WHAT THE TASK REQUIRES:
The entries that follow include a run beginning at the line with "Nature in fjords." and ending at the line with "Circonita *Tamaño: 13 mm"; restate that run word for word and leave the rest out.

PROVIDED RECORDS Start Marker

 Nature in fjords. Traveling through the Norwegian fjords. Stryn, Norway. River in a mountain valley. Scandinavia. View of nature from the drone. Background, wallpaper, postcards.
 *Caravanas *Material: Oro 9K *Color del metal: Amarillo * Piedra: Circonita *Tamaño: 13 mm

PROVIDED RECORDS End Marker
PROVIDED RECORDS Start Marker

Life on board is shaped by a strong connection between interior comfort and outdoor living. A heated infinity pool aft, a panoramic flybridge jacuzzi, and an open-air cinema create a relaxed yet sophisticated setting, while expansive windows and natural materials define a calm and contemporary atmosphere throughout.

PROVIDED RECORDS End Marker

EXERCISE OUTPUT:
 Nature in fjords. Traveling through the Norwegian fjords. Stryn, Norway. River in a mountain valley. Scandinavia. View of nature from the drone. Background, wallpaper, postcards.
 *Caravanas *Material: Oro 9K *Color del metal: Amarillo * Piedra: Circonita *Tamaño: 13 mm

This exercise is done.